2.6. F-Actin and DNA Labeling
One to seven days after injury, constructs were fixed using 3% paraformaldehyde in phosphate buffer for 10 min and permeabilized with 0.5% Triton X-100 in phosphate buffer for 3min. Cells were labeled with Alexa Fluor 488 Phalloidin (1:50; Molecular Probes, Eugene, OR) for 1 hour and then washed in phosphate buffer saline (PBS; 3 times for 5 minutes).

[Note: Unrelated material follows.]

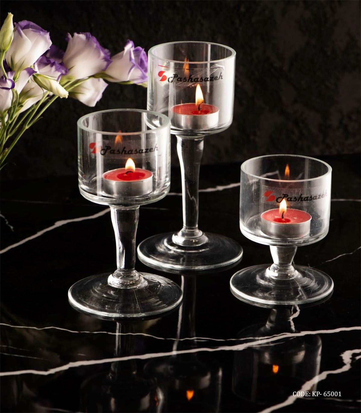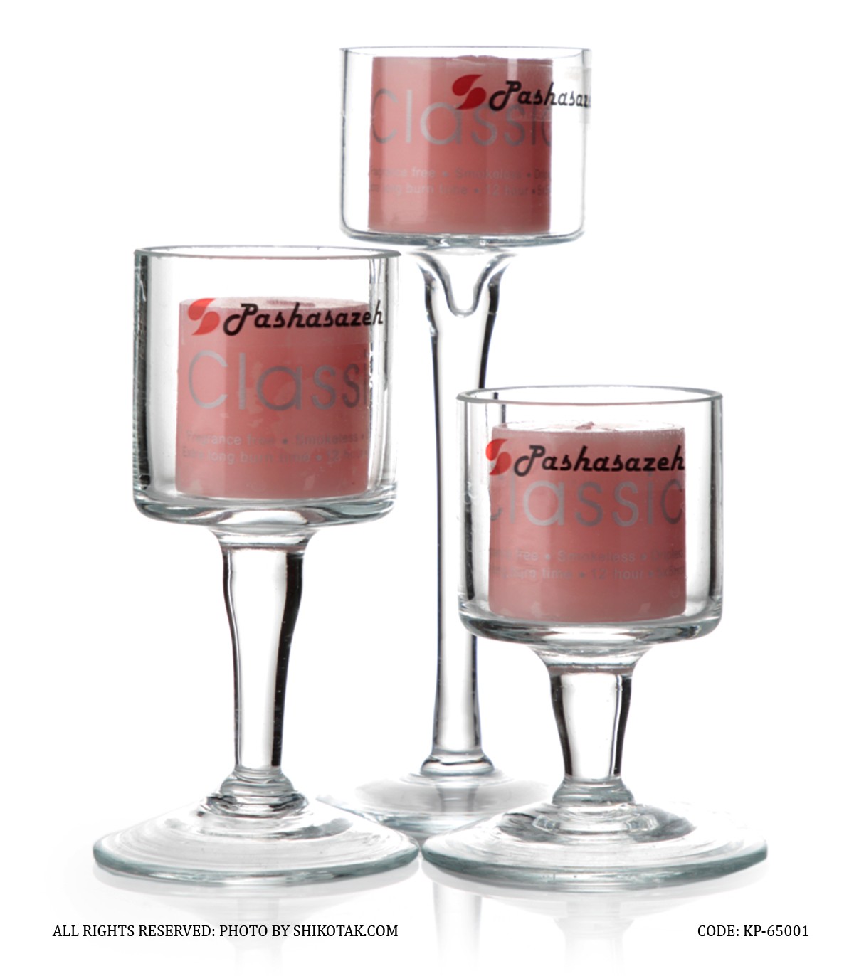 ست جاشمعی شیشه ای پایه دار سه عددی ملکا

To stain the cell nuclei, TOTO-3 iodide (1:200; Molecular Probes, Eugene, OR) was then added to each sample for 15 minutes, and samples were washed a final time with PBS.

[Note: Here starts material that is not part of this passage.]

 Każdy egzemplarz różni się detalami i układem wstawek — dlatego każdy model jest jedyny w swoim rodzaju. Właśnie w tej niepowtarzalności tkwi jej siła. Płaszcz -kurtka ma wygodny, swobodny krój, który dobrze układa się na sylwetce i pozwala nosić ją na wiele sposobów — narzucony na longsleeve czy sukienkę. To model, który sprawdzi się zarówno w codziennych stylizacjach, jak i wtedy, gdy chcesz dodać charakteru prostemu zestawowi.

2.7. Laser Confocal Microscopy
After labeling the cells, fluorescent (for f-actin and nuclei) and reflected light (for collagen) 3-D optical section images were acquired simultaneously using laser confocal microscopy (Leica SP2, Heidelberg, Germany). Stacks of optical sections (z-series) were acquired by changing the position of the focal plane in 4µm steps for a 20X objective (non-immersion, 0.7 NA, 590µm free working distance) or 1µm steps for a 63X objective (water immersion, 1.2 NA, 220µm free working distance). Overalapping image stacks were collected across the entire wound area, as shown in .
Schematic showing where the montage of 3-D image stacks was collected for each sample.
2.8. Assessment of Cell Migration
Maximum intensity projections of the F-actin and TOTO-3 image stacks were created, and color overlays were generated using Metamorph (Molecular Devices, Sunnyvale, CA). Photoshop (Adobe, Mountain View, CA) was then used to align the overlapped images to create a montage of the injured area. Each montage included the wound area along with border region outside the injury. The distance that cells had traveled into the wound area was calculated by drawing a straight line between the edge of the injury and cells at the leading edge of the migratory front.